Женщина присела на корточки рядом со мной и ощупала голову Руддебет, шею и плечи, затем осторожно проверила руки и ноги. Девушка ахнула от боли, из ее открытого рта потекла слюна.
– Всех остальных прошу удалиться со сцены, – велела врач, продолжая осмотр ловкими и осторожными движениями рук. – Полагаю, у нее перелом бедра, но нет признаков сотрясения мозга, – она тихо обратилась ко мне. – Вывих плеча, возможно, сломана рука. Может быть, повреждены ребра, но не думаю, что есть внутреннее кровотечение. Вы согласны?
– Да, – кивнула я, хотя провела лишь поверхностный осмотр.
– Принесите одеяло, – велела она одному из работников сцены. – Никому не трогать девушку. В здании есть морфий? – спросила женщина меня.
– Шкафчик для оказания первой помощи. Он заперт, но у меня есть ключ.
Я встала и направилась за кулисы. Герред протискивался через толпу к Руддебет.
– Прошу, не подходите! – крикнула доктор. – Назад!
– Это моя дочь.
Я подтвердила:
– Это правда. Я знакома с семьей.
– Хорошо. Ваша дочь сильно травмирована, но, полагаю, ее жизнь вне опасности.
Ключ к запертой аптечке все еще болтался у меня на кольце, и я машинально сняла его, даже не заметив этого. Бросилась в темноту за кулисами, нашла шкафчик и вытащила запечатанную упаковку морфия.
Когда я примчалась обратно, Том стоял на краю сцены. Он снял бóльшую часть сценического костюма, но его лицо все еще скрывал яркий грим. Том с отчаянием посмотрел на меня, но я проскочила мимо.

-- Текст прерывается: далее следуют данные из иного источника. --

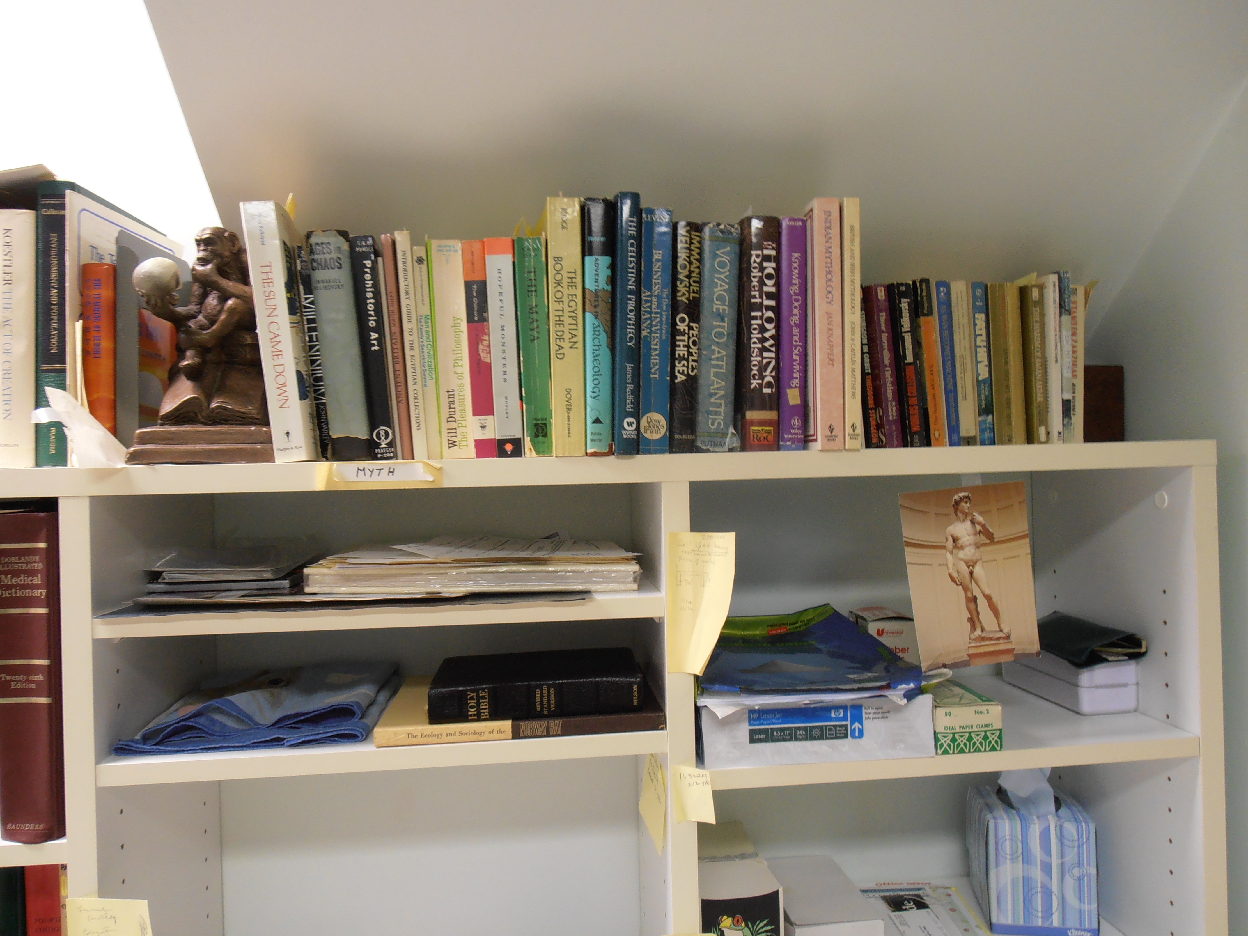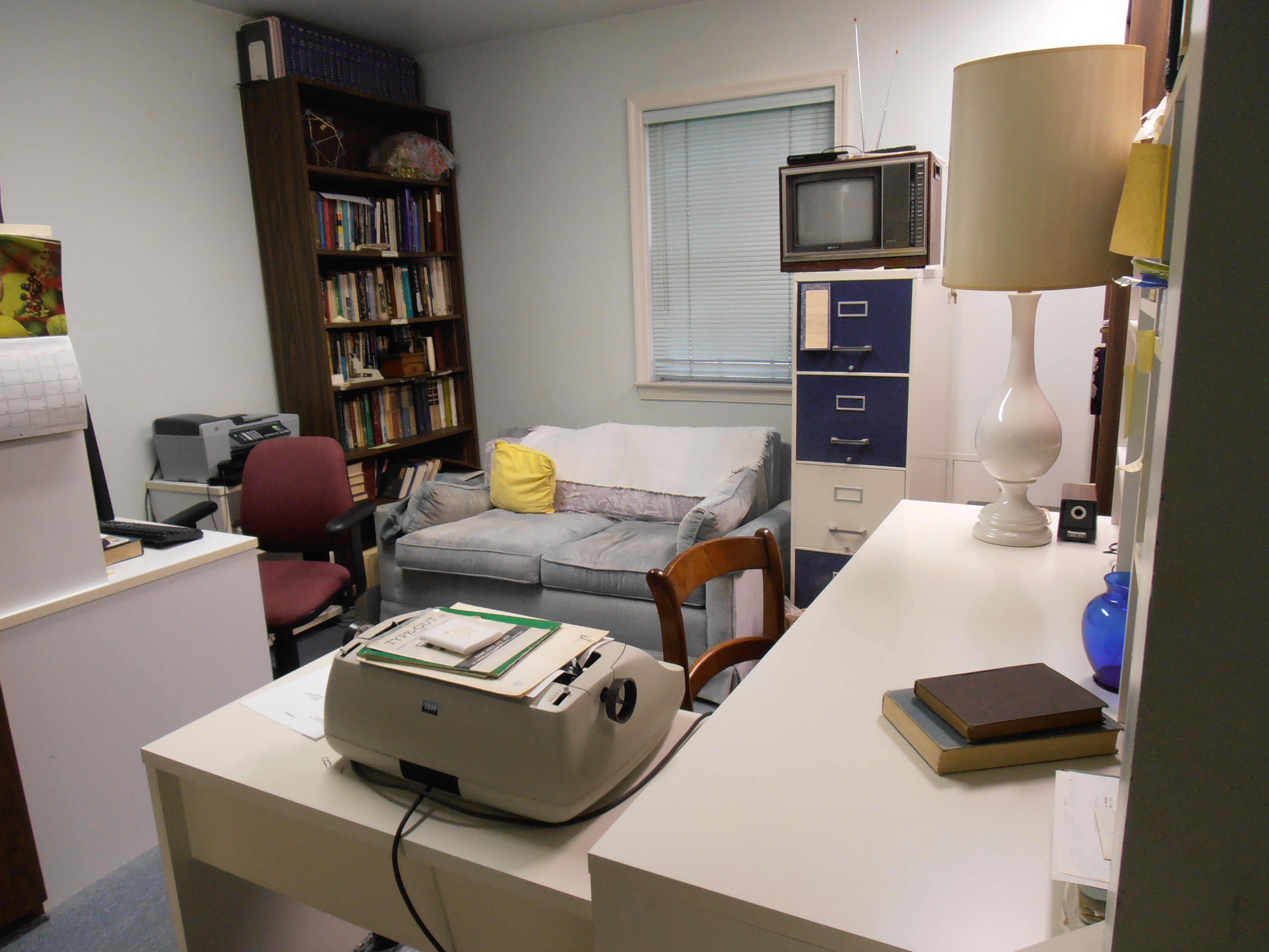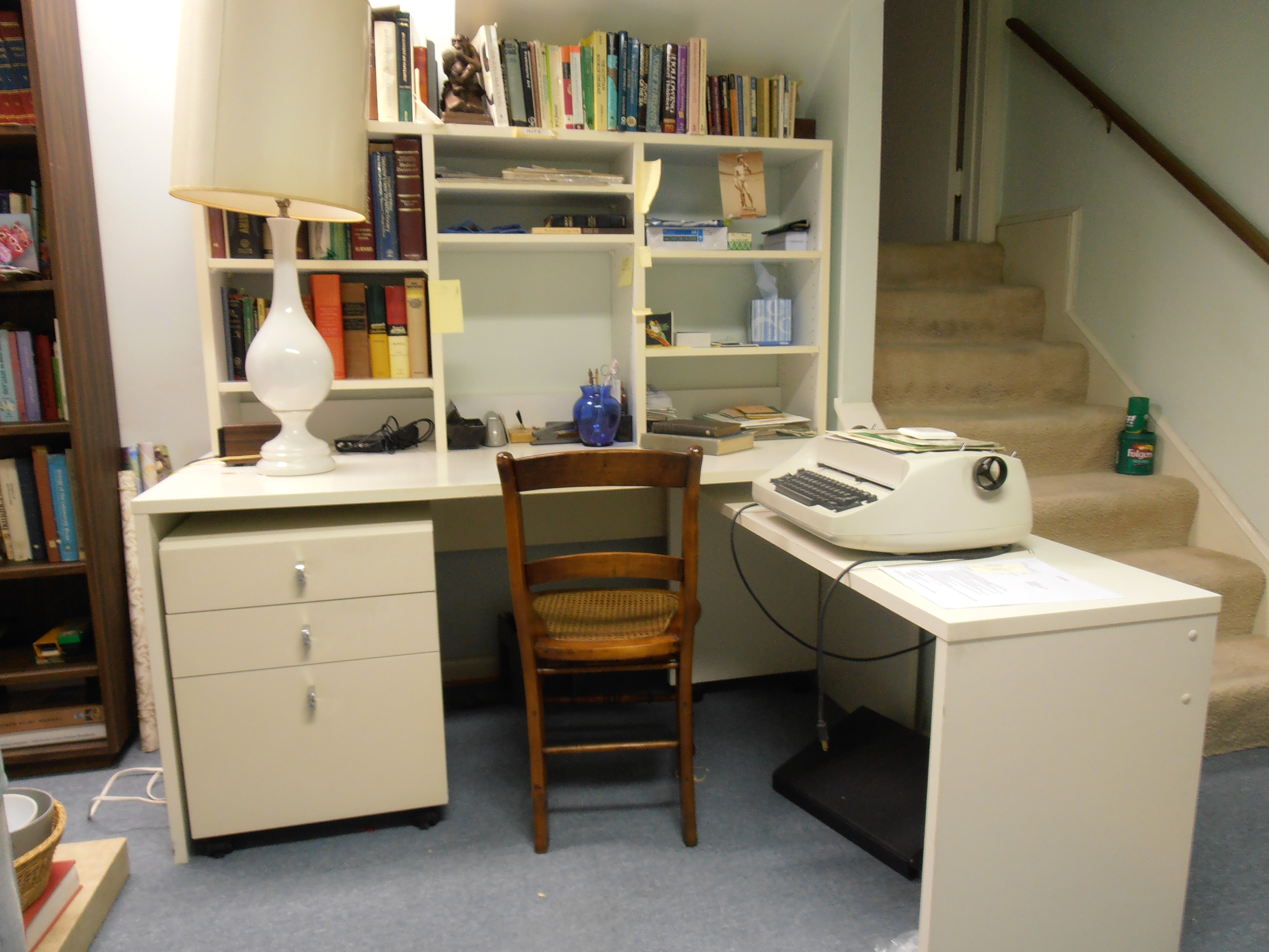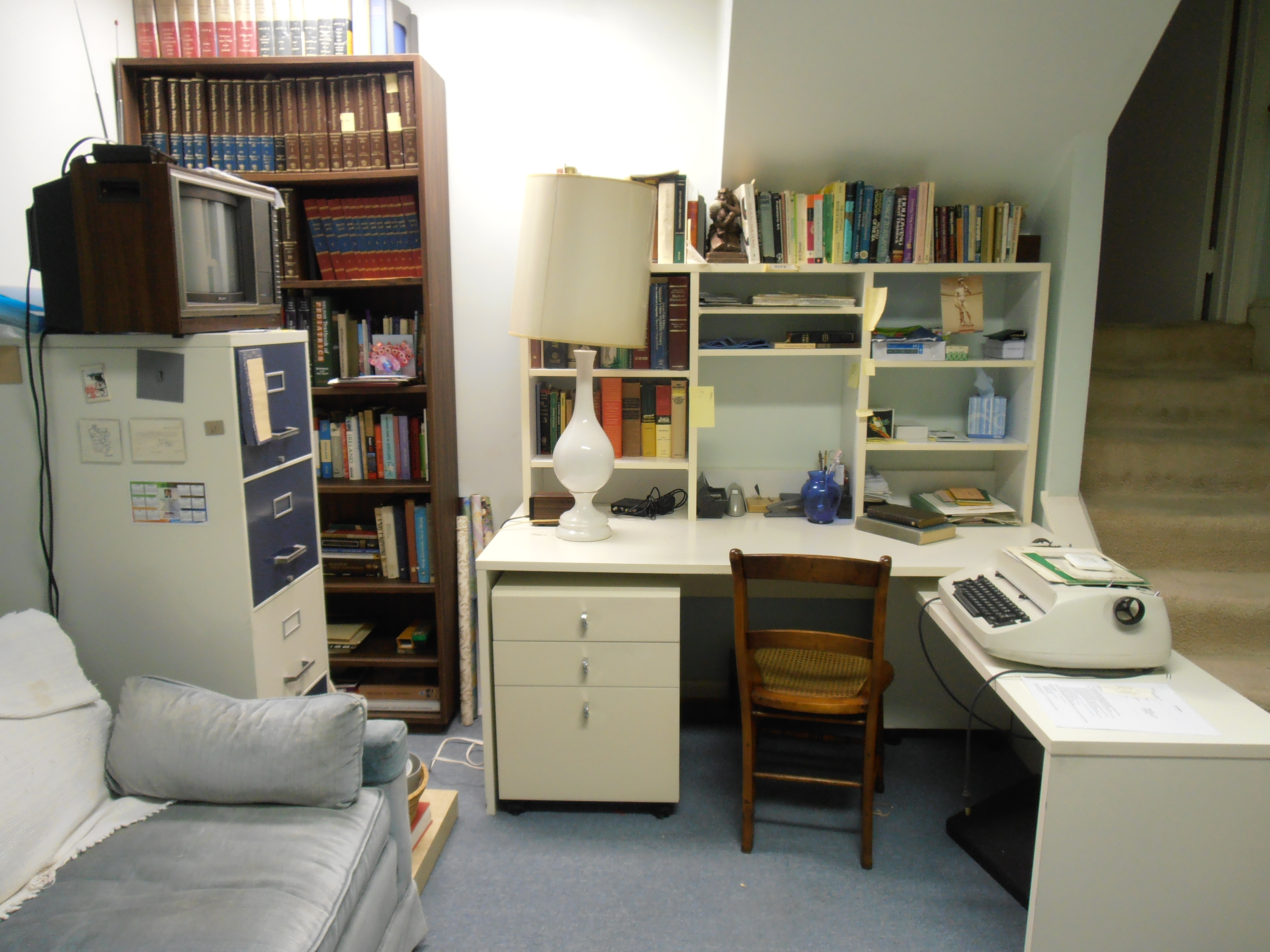 Dr. Calhoun and his wife, Edith, bought a house in Bethesda MD in 1964. It was a split level home located in Wildwood Manor. The purchase was made while the house was still under construction and the couple made a number of changes to various design elements, creating a home that reflected their tastes. The lower level was divided by the stairs from the entry level of the house. To one side was the laundry area and a workbench. On the side facing the street, with a window onto the front yard, was the area where Dr. Calhoun created his home office. Below are some photos of the office, taken well after his death but still very much as he left it when he died in 1995.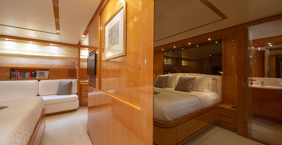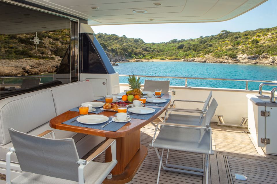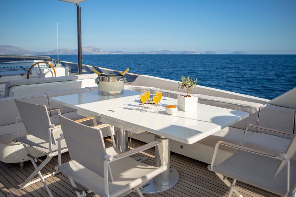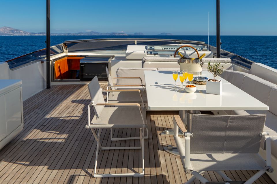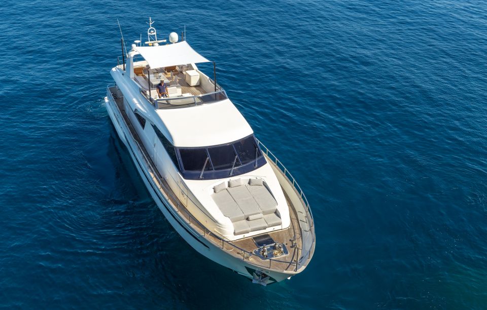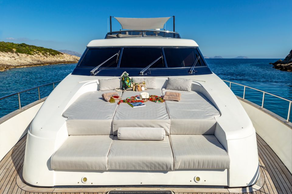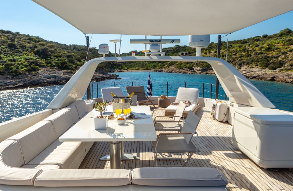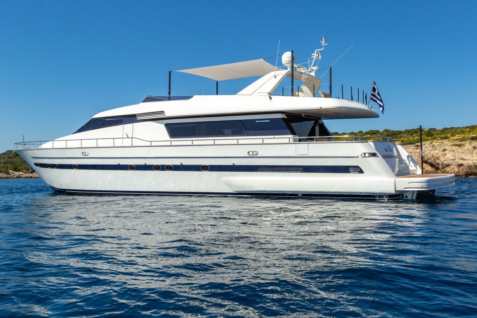 Experience a luxury crewed yacht charter in Greece onboard motor yacht 'The Bird'. Built by Sanlorenzo in 2004 ,this 25.6m motor yacht will make you feel the utmost freedom. She overwent a very comprehensive 2018 refit, with a recent addition of the swim platform and a modern shower on the platform. She features a new teak deck as well as a new layout on the fly bride. By her twin 1500hp MTU the luxury motor yacht Bird is capable of a comfortable cruising speed of 22 knots and a maximum of 26 knots.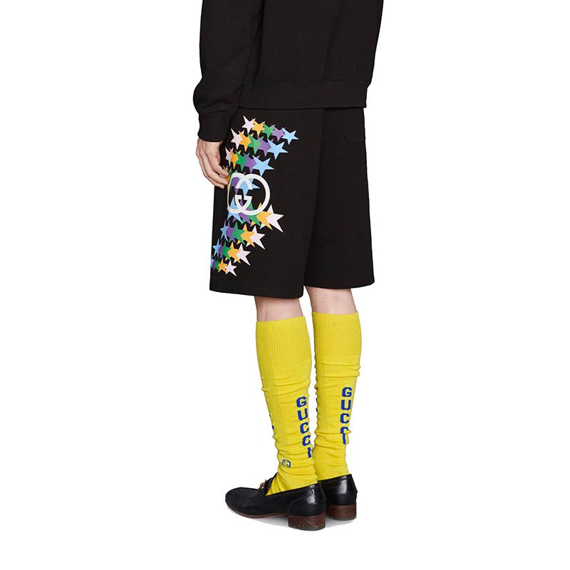 【包稅】預訂款1-2周GUCCI/古馳21年早秋新款Opening系列男士黑色發光的GG星星印花棉質短褲663249XJDNK1082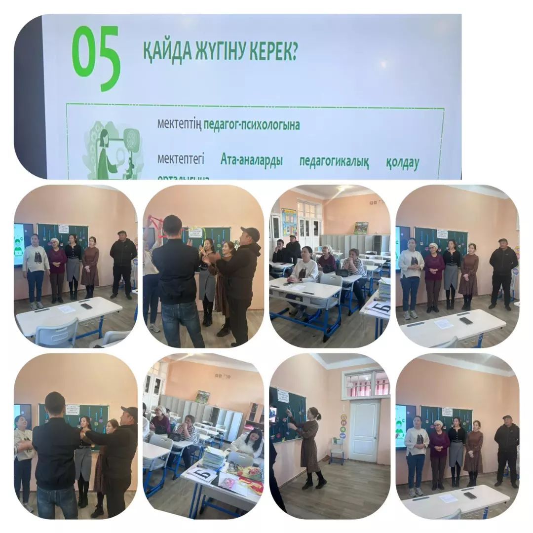 9«Ә"сыныбында оқушылардың ата-аналарымен "Бала қауіпсіздігі – қоғам келешегі" тақырыбында балалардың әлеуметтік желілердегі қауіпсіздігін қамтамасыз ету мақсатында жиналыс өтті.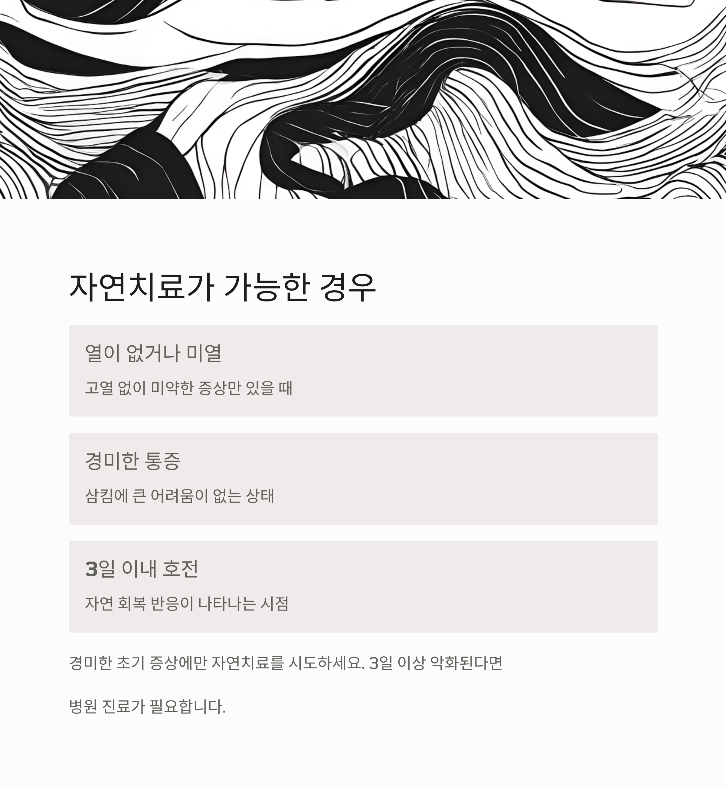 "자연치료는 경미한 초기 증상에만 한정되며, 3일 이상 악화된다면 병원 진료가 필요합니다."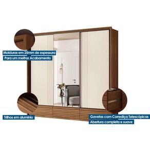 Tipo de Cabideiro - Aéreo Material dos Cabideiros - Cabideira Metálico Tipo de Porta do Guarda-Roupa - Portas de Correr Material das Portas - Portas em MDF Material do trilho da porta de correr - Trilho Metálico - Trilho Superior Metálico Tipo de Dobradiças - Dobradiças Metálicas Diferenciais das Portas - Portas Ripadas - Porta c/ Espelho Quantidade de Portas - 3 Portas de Correr Quantidade de Portas com Espelho - 1 Porta com Espelho Tipo de Espelho - Espelho Externo Quantidade de Espelhos - 3 Espelhos Material das Gavetas - Gavetas em MDF/MDP Tipo de Corrediça - c/ Corrediças Telescópicas Quantidade de Gavetas - 5 Material de Estrutura Fundo Gaveta - Em HDF Material das Prateleiras - Prateleiras em MDF/ MDP Quantidade de Prateleiras - 5

Я сделала Руддебет укол морфия, девушка вскрикнула от боли. Слышать это было страшно, но вскоре она снова задышала размеренно. Прибыла бригада скорой помощи. Я отошла в сторону, чтобы не мешать им. Под пристальным взглядом доктора Руддебет положили на каталку и увезли. Герред ушел с ними. Он не оглянулся на меня. Руддебет спала.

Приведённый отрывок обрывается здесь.